У Масуда от неожиданности выпал из лап журнал комиксов и упал на соседний стол. Две капли скрылись под красочной обложкой.
Две капли… Всего две капли, но как они нам помогли…
Черная маска выпячивалась далеко вперед из-за длинного крючковатого носа. С остроконечных ушек свешивались две завитые спиралью пряди волос. Человек в плаще повернулся к нам, оглядел себя и скептически вздохнул.
— Азохен вей! Таки что я вам сделал такого неприятного, что ви решили создать меня в таком некошерном костьюмчике? Спросили бы меня, и я с радостью сказал бы вам за портного дядю Фиму? Шо, ви не знаете дядю Фиму? Таки зачем вы коптите эти небеса? Дядю Фиму знают все, за него скажут много хорошего и Молдаванка, и Пересыпь. Когда его первый раз арестовывали, то слезы комиссара были размером с куриное яйцо от пеструшки тети Розы. Ви не знаете тётю Розу? Ой вей, мама, роди меня обратно! Тетю Розу…
— Молодой человек, мы создали вас для защиты… — вклинилась я в дикий монолог, но не тут-то было.
— Таки да! Я сейчас доскажу за тетю Розу, и мы обсудим условия нашего контракта. Таки вот, за эту почтенную женщину с походкой гагары много знали на Привозе…
— Чувак, да завали ты хлебало! — не выдержал Масуд.

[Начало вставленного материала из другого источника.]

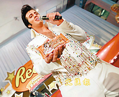 圖中所見的貓王當然是假扮的,因為8月16日為貓王皮禮士利的逝世30周年,以朱古力花生醬飛碟馳名的Reese,便順道出品印有貓王嘜頭的限量版本。據聞貓王生前最喜愛花生醬香蕉三文治,再配合他喜愛的1957年粉紅卡迪拉克配色,真正打造正宗宣傳「生招牌 」。
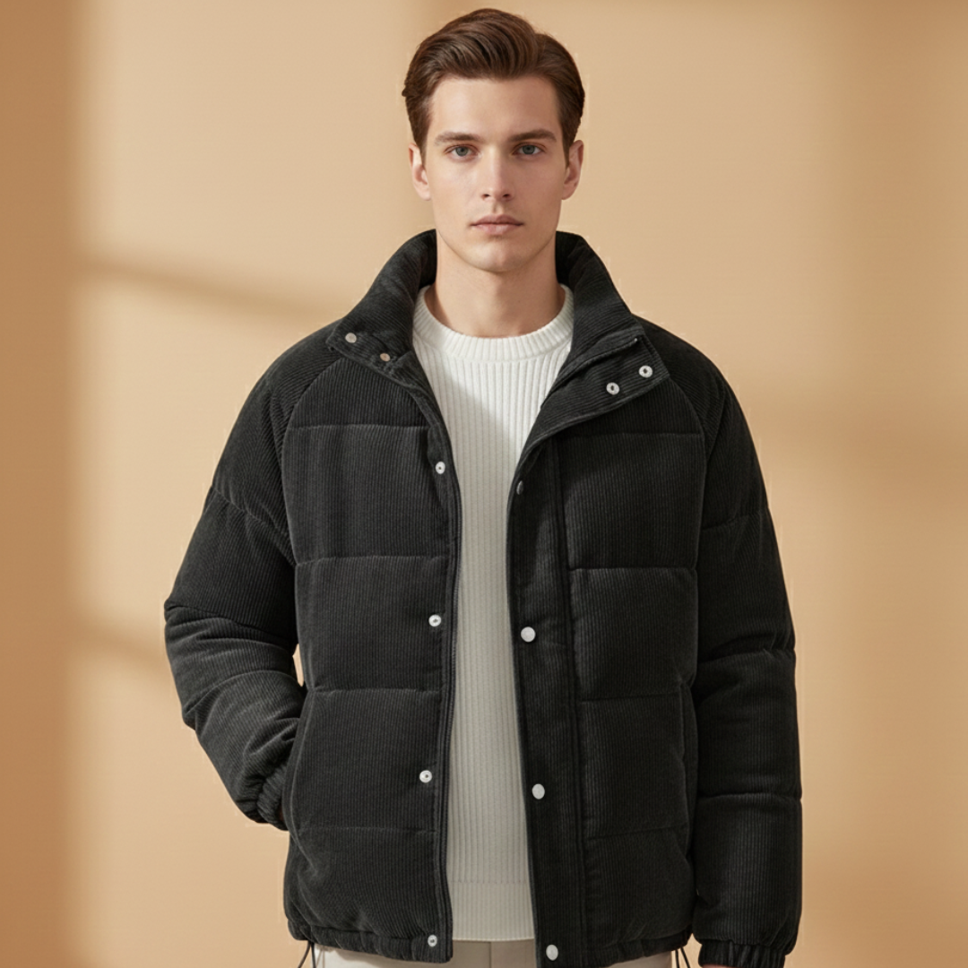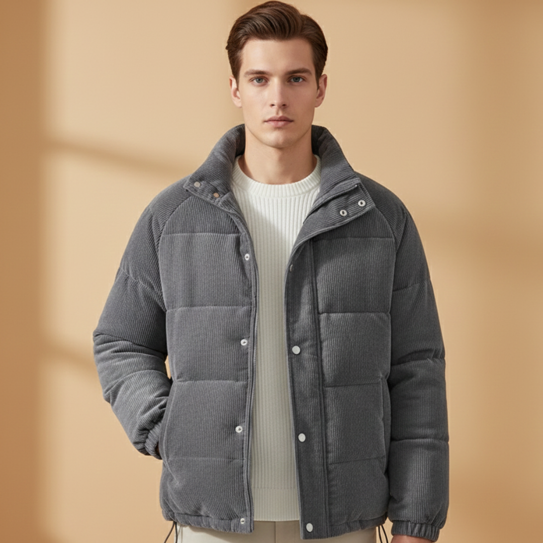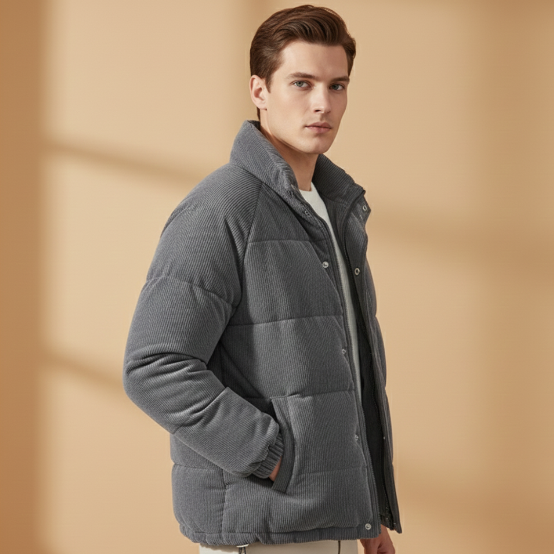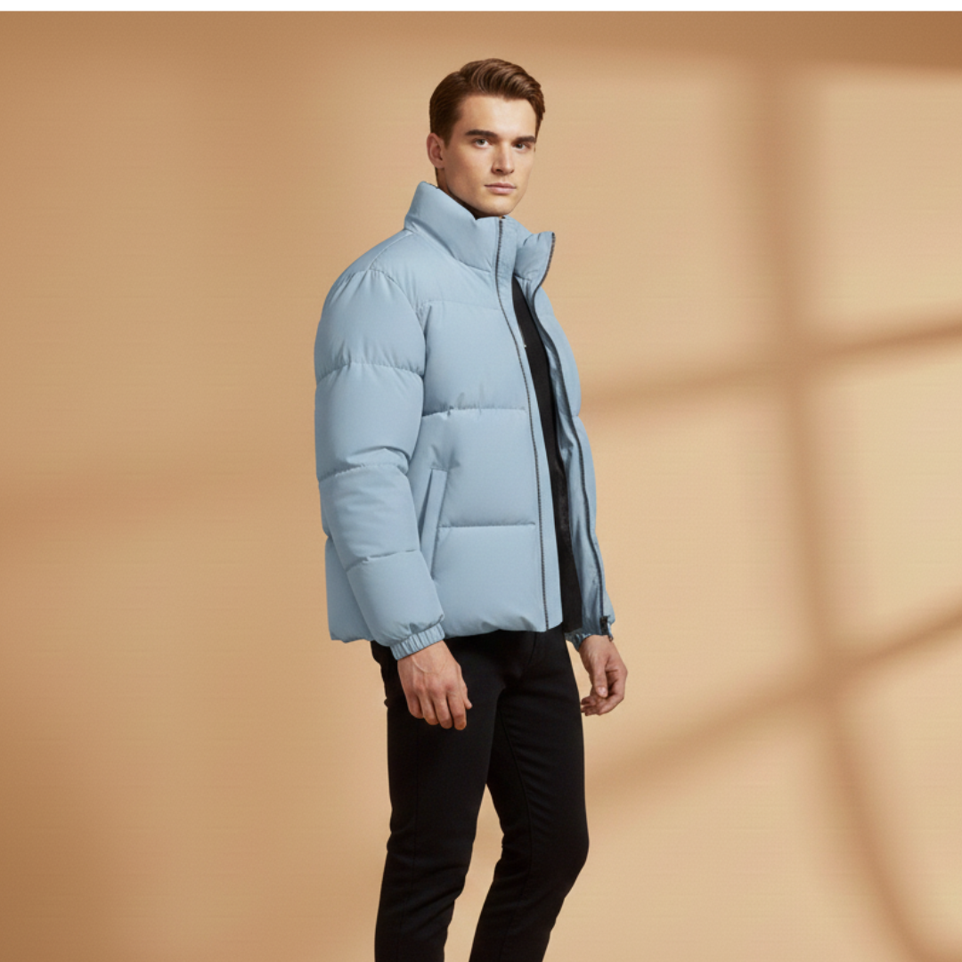 Men’s Quilted Jacket with Stand Collar and Zipper

— Вей зе мир! Абрам Исаакович Бэрдмэн всегда умел молчать! Ви даже не можете представить себе — как я умею молчать! Один раз я молчал так долго, что моя мама Сара успела подумать, что её любимый сын взял и таки тихо умер. А ведь я так и не выучился играть на скрипке. Представьте, что творилось на мозгах у бедной женщины, когда в Марианскую впадину рухнула последняя надежда услышать вальс Мендельсона в исполнении ненаглядного Абраши. А вы говорите, что я не умею молчать…
Я ощупала свою взлохмаченную голову, она ощутимо начинала болеть. Похоже, что поток словоизлияния можно остановить одним способом, и я вытащила кошелек Артема ибн Петра. Монолог захлебнулся на слоге, полные скорби глаза уставились на корешки купюр.
— Вам нужно избавиться вон от того человека, и я отдам вам половину содержимого, — со вздохом сказала я, указывая на дверь, за которой Амран продолжал шевелить губами.
— О вей, какой большой шлемазл! — ужаснулся человек в плаще. — Половина содержимого может послужить только авансом за этого поца. Но ми с вами деловые люди и уверен, что сможем договориться. Ведь у бедного Абрама ещё семеро детей и жена…
— Чо ты гонишь? У тебя нет ни детей, ни жены! У тебя нет мамы! Тебя создали только что! — не выдержал Масуд.
— Таки ви думаете, что мои дети, когда они появятся в этом коварном мире, скажут папе огромное спасибо, что он даже не поторговался за этот гешефт? Они будут плакать и стенать, стенать и плакать, а у жены ослепнет левый глаз, когда она узнает о таком горе. Опять обманываете бедных евреев! — взвыл Абрам Исаакович Бэрдмэн.
— Хорошо, я согласен. Только избавьте нас от этого… ммм… поца, — устало ответила я и потерла виски.